EXCERPTED RECORDS —
· · ·
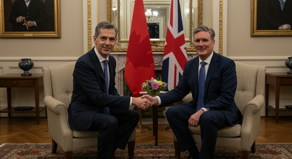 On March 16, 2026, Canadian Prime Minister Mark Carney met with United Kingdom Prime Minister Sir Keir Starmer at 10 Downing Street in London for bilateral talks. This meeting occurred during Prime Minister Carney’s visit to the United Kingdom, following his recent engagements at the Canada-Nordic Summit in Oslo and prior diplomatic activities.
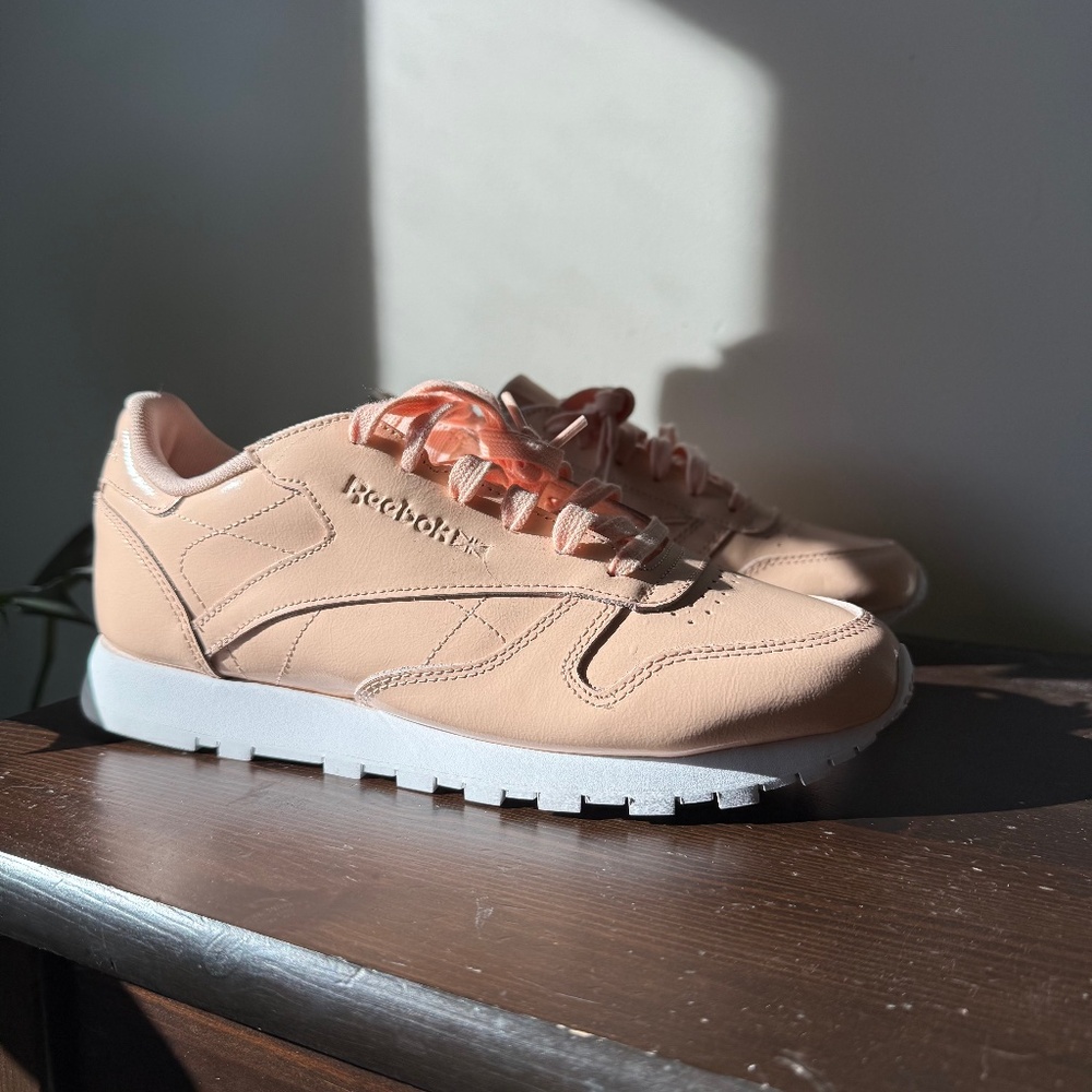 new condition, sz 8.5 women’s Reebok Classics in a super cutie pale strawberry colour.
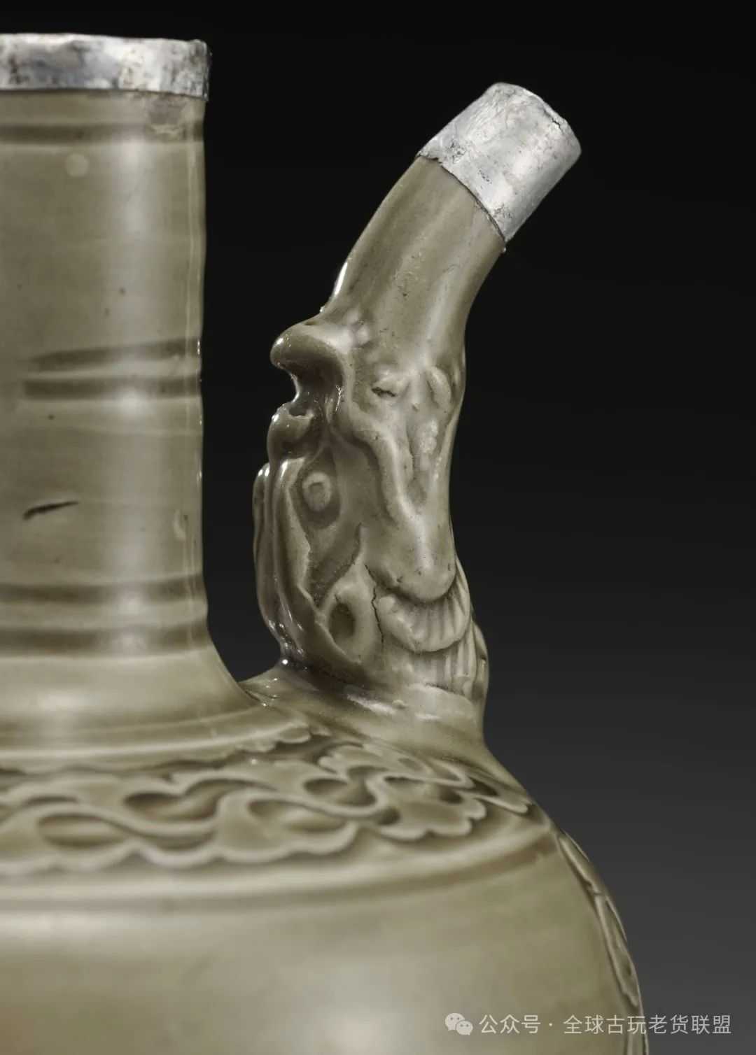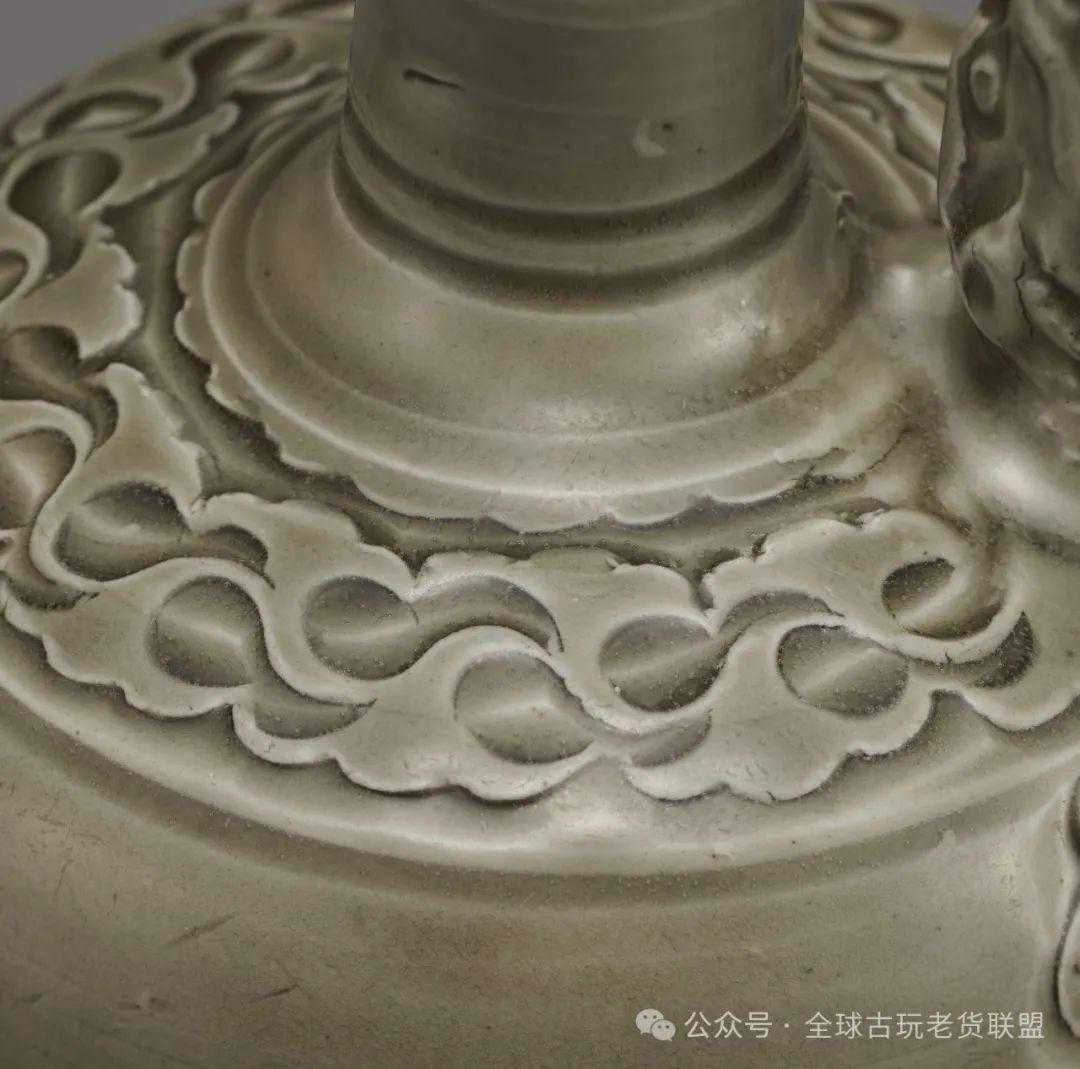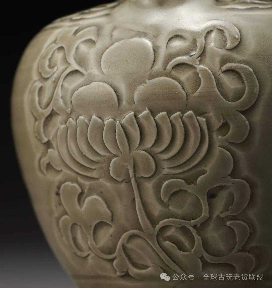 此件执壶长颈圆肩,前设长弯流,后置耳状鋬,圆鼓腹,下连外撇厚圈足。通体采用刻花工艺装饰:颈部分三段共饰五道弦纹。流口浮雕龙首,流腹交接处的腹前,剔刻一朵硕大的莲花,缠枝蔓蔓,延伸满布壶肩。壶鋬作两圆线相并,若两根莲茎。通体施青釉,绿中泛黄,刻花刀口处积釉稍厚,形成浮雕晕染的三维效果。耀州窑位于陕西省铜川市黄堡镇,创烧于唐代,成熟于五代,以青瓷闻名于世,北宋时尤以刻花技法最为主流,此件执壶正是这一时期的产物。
· · ·
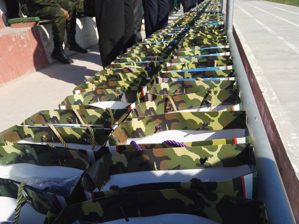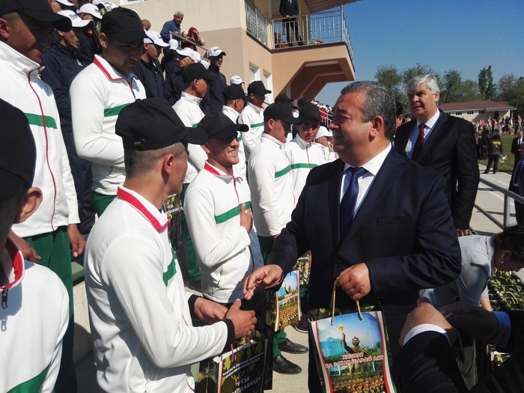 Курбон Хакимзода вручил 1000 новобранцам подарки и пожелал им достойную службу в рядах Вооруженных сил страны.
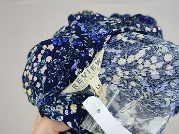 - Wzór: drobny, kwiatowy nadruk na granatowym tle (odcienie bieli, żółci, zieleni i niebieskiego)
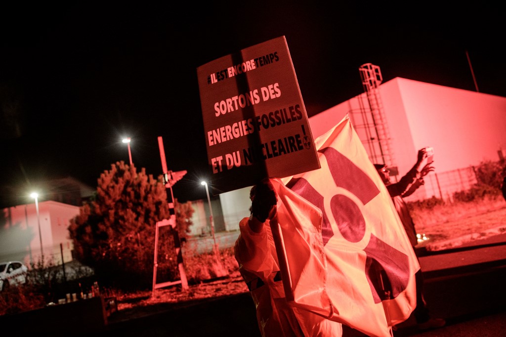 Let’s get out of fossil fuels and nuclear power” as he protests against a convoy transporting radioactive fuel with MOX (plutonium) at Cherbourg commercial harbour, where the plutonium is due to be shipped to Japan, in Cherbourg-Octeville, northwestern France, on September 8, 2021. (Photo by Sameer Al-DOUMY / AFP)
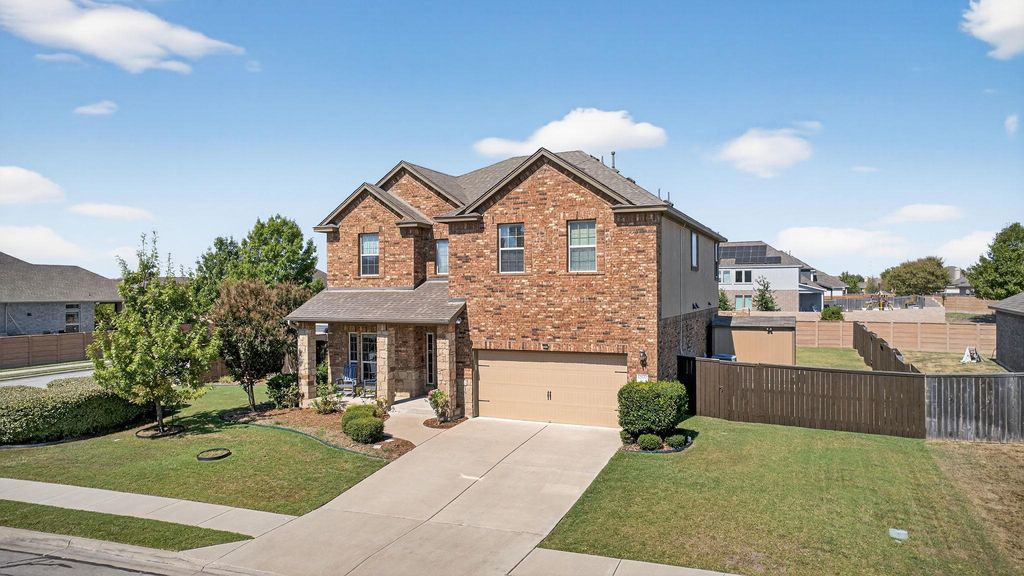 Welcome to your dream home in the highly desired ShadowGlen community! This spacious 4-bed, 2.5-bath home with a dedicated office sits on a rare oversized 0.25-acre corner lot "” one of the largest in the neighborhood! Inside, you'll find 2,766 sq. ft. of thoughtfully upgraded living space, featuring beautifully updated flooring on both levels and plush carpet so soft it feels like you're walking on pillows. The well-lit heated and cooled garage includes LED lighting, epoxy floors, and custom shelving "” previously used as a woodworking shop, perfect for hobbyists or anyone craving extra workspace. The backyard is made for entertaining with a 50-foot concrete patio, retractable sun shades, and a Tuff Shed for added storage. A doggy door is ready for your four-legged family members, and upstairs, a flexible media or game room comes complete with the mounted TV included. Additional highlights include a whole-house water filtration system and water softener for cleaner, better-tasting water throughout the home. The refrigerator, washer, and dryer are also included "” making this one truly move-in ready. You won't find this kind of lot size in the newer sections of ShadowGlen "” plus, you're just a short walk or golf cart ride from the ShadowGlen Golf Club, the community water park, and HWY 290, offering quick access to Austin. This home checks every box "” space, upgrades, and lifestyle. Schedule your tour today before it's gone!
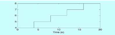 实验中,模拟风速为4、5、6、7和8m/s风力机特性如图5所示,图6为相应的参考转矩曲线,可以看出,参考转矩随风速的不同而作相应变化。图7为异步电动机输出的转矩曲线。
· · ·
PROBLEM STATEMENT —
What's needed is an exact copy of the records above from the line containing "Курбон Хакимзода вручил" down to the line containing "- Wzór: drobny, kwiatowy", both included, without any pictures.

ANSWER SECTION —
 Курбон Хакимзода вручил 1000 новобранцам подарки и пожелал им достойную службу в рядах Вооруженных сил страны.
 - Wzór: drobny, kwiatowy nadruk na granatowym tle (odcienie bieli, żółci, zieleni i niebieskiego)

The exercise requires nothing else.